暗黒のキルドレックスが「楽勝だったな! アース大陸の連中は殺しても、死に戻りをするらしいな……それが奴らの強さの秘訣らしいが、そんな奴らを屠る事で俺たちはさらなる強さを手に入れられる、ははは!」
白のアルカインが「黒のシェパードよ、お前を脱獄させるのに多くの王国兵士を倒しましたが、はっきり言って奴らは弱すぎでしたな、アース大陸の連中の方が骨がある」
「そんな事より、私を牢屋行きにした連中の居場所はわかってますの、早く復讐したくて……」
「分かっている、今から向かう……馬に乗るぞ」
PK前に近くに繋いでいた馬に乗り込む3人。
そして湖畔の屋敷が遠くに見えてきた、「懐かしいわね! あの屋敷は私が幼少の頃住んでいた場所じゃない! なぜここに?」黒のシェパードの両親こそ、王と反対派閥を作ったという事で処罰され、湖畔の屋敷を手放さざるを得なくなった没落貴族であった。

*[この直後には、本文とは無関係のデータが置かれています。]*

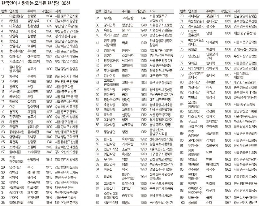 노포 음식점을 나열해 놓은 '한국인이 사랑하는 오래된 한식당 100선' 이라는 책이 있는데요. 이 책에는 한국에서 가장 오래된 음식점 100개를 종류별로 나열해 놓기도 했습니다. 이 표를 자세히 살펴보면 100개의 음식점 중에서 국, 탕류가 40곳이나 됩니다. 그만큼 접근성이 용이한 음식 카테고리 중 하나가 국물이 있는 음식 아닐까라는 생각이 드는데요.
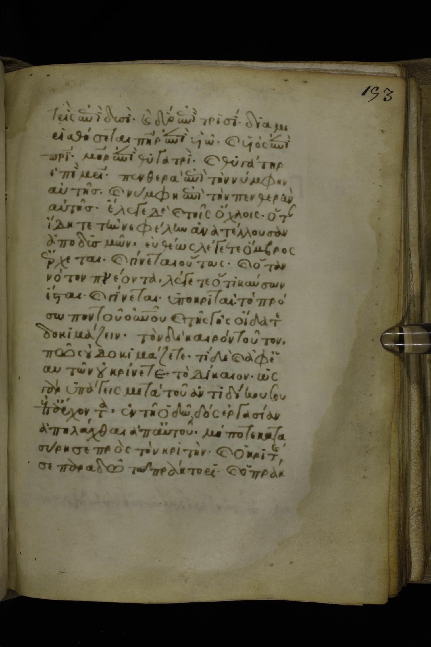 Fourteenth century minuscule of the Gospels on parchment; 302 leaves, 1 column, 19-21 lines per column. Images were taken at the National Library of Greece in Athens.
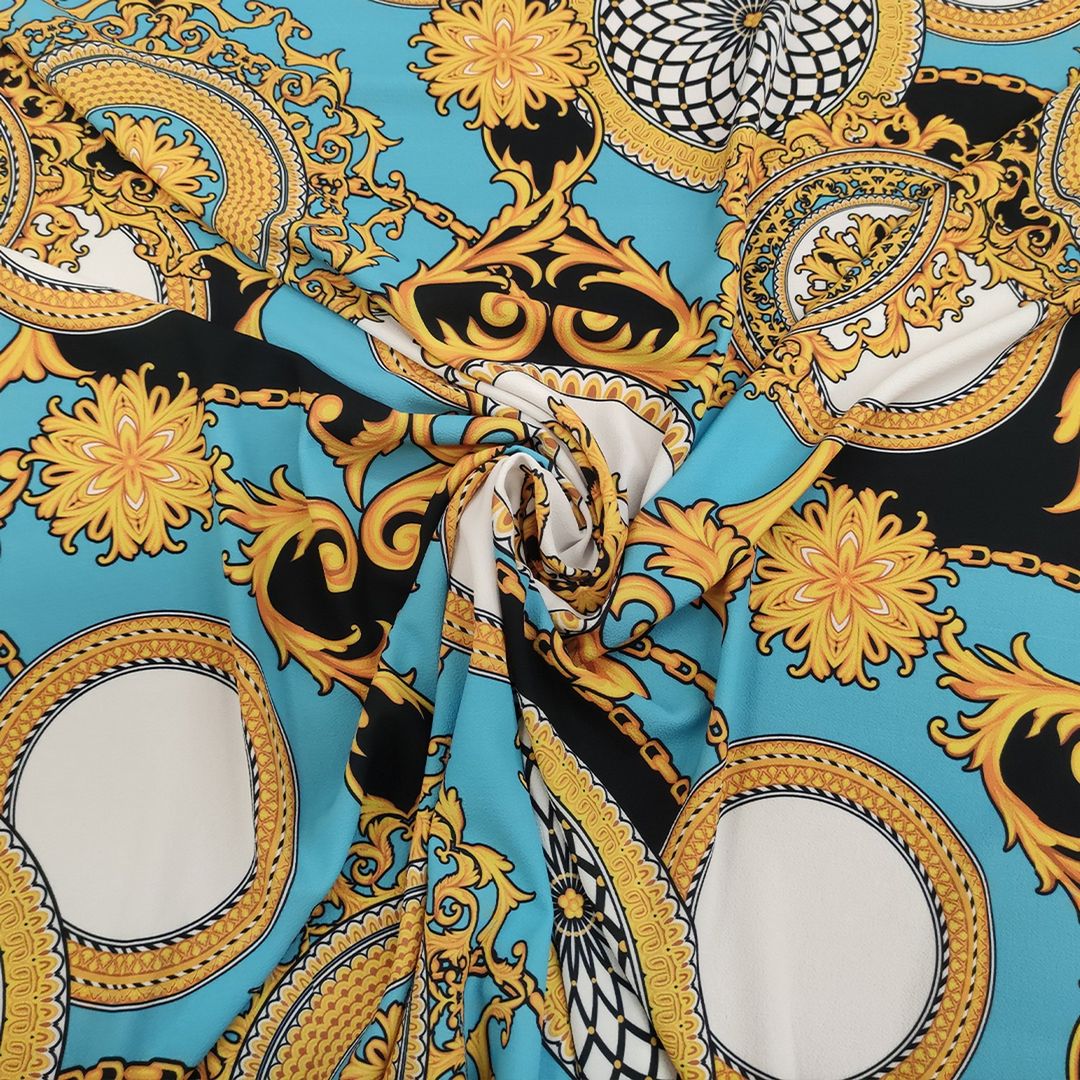 Tessuto Crepe a fantasia motivo floreale barocco celeste – ocra – nero
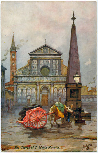 John Ruskin Mornings in Florence It's September 2018, and having begun listening to an Audible recording of Vasari, and started appreciating his strengths rather than his failings, here I am reading Ruskin and finding him to not be so much of a prig as I thought. I'm reading Mornings in Florence, in a handsome paperback bought on my last trip, and I got to the bit where he says of Santa Croce ...the ugliest gothic church you were ever in...no vaultings at all, which I've long quoted on my site's Santa Croce page. But reading on, beyond the famous quote, he goes on to say that though the design is not beautiful by any means it deserves, nevertheless, our thoughtfullest examination, and tellingly observes that the Franciscans' churches were meant for use; not show, nor self-glorification, nor town-glorification and that they had no intention of showing how high they could build towers, or how widely they could arch vaults. Which all makes the man sound much less harsh and grumpy than the initial quote does. But beyond this the pickings are slim - the mornings then repeatedly see returns to the Spanish Chapel in Santa Maria Novella with only the odd spark of interesting oddness and spleen-venting amongst the unfascinating theological observations and subject-listing. He deals with the sculpture panels up Giotto's Tower in exhausting detail. Another slim-picking enhancement of a famous quote, though, is with regard to the Ghirlandaio frescoes in S.M. Novella, which he says are simply good for nothing. He goes on to compare two of Ghirlandaio's scenes with a similar pair, that he says are by Giotto, in the Cloister of the Dead. His dismissal of Ghirlandaio's refinement in the face of the simple piety of the Trecento 'Giotto' frescoes is positively, and revealingly, Pre-Raphaelite! |
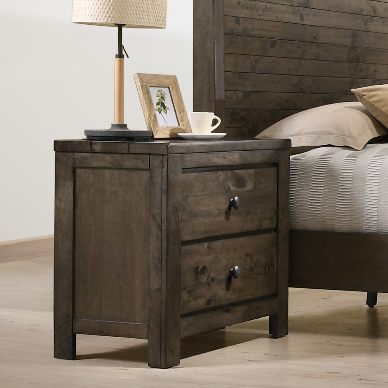 - Only includes nightstand. Hardwood solids with weather wood veneer.
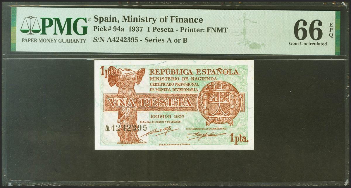 1 Peseta. 1937. Ministerio de Hacienda. Serie A. (Edifil 2021: 392, Pick: 94a). Apresto original. SC. Encapsulado PMG66EPQ.
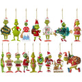 18Pcs 2D Acrylic Christmas Tree Green Monsters Ornaments Cute Green Monsters Christmas Tree Pendants Christmas Tree Decor

湖側の裏庭が見える反対側の岸辺から隠密スキルと遠視スキルを駆使して晃達を覗く3人……。
楽しそうに釣りをやっている連中が見える。
「あれは、忘れもしない……私を牢獄に追いやった疾風の晃とエルフ達じゃない! なんでよりによって奴らが、私の住んでいた屋敷で楽しそうにやってるのよ、一体どういうこと」
「次のターゲットは決まりだな!」
沙羅が合流して来て明るさを取り戻した晃達に、奴隷密売組織クランノストラの三天王の襲撃が始まろうとしていた。